Rank Violation Citations Priority
1 Food-contact surfaces: design, condition, maintenance 49,837 Intermediate
2 Floors, walls, ceilings: construction and cleanliness 44,224 Basic
3 Separating raw animal foods; food protection 43,949 High
4 Food-contact surface cleanliness 43,357 Intermediate
5 Handwashing facilities: access, supplies 38,737 High
6 Temperature control: cooking, cooling, reheating, holding 32,737 High
7 Non-food-contact surface cleanliness 24,334 Basic
8 Hand hygiene; eating, drinking, smoking 21,409 High
9 Food manager certification; employee training 20,934 High
10 Consumer advisory; date marking; labeling 19,073 High

The most cited violation (food-contact surface condition, 49,837) is Intermediate priority. The third most cited (raw food separation, 43,949) and fifth (handwashing facilities, 38,737) are High Priority.

Seasonal patterns

Month Inspections Emergency closures
October 15,030 (peak) 151
September 14,213 155
July 13,492 166 (peak closures)
August 13,296 145
March 12,697 108
January 11,644 89
December 11,525 114
February 11,454 95
November 9,525 (lowest) 77 (lowest)

99.4% of inspections happen Monday through Friday.
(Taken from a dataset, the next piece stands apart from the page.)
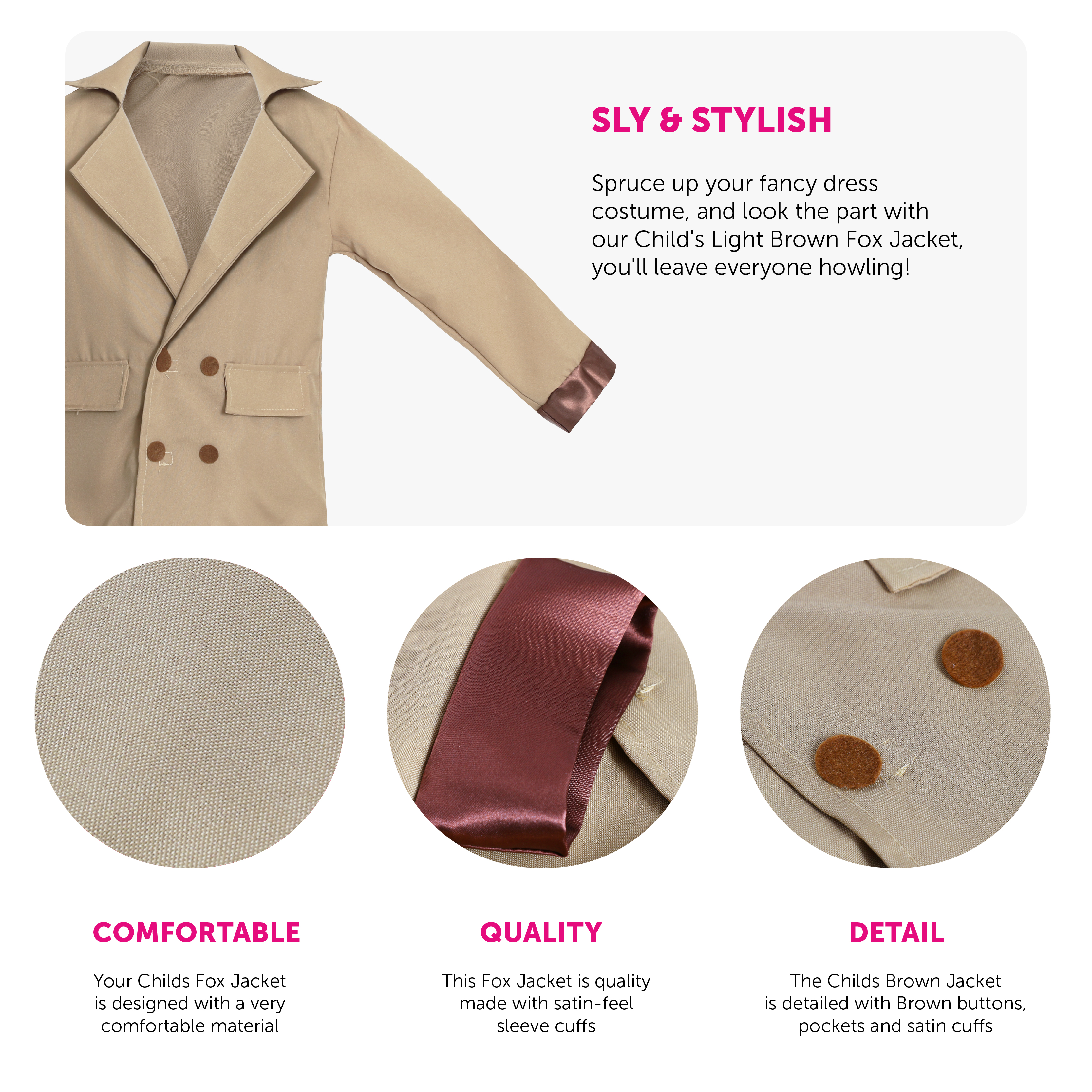 PERFECT FOR ANY FANCY DRESS: Add a Fox Tail and Ears, or a Wig and Hat and become any character you could imagine for your upcoming fancy dress event, with our Child's Light Brown Fox Jacket!

Tuesday and Wednesday are the busiest days (22% each). Friday is 20% lighter than mid-week.

Market context

Florida has 64,996 active DBPR-licensed food-service establishments, of which 51,866 are permanent seated restaurants. 664 multi-site operators (5 or more locations) control 10,276 sites, 15.8% of the total.

13.2% of all establishments either opened new or changed ownership in the current fiscal year (8,568 sites). Each enters the DBPR system with fresh compliance clocks: 30 days for food manager certification under F.S. 509.039, 60 days for employee training under F.S. 509.049.

The five-year trend line has not flattened. Enforcement actions have grown every year since 2020.

This report is based on published enforcement data and original analysis. It is for general information only and doesn't constitute legal advice.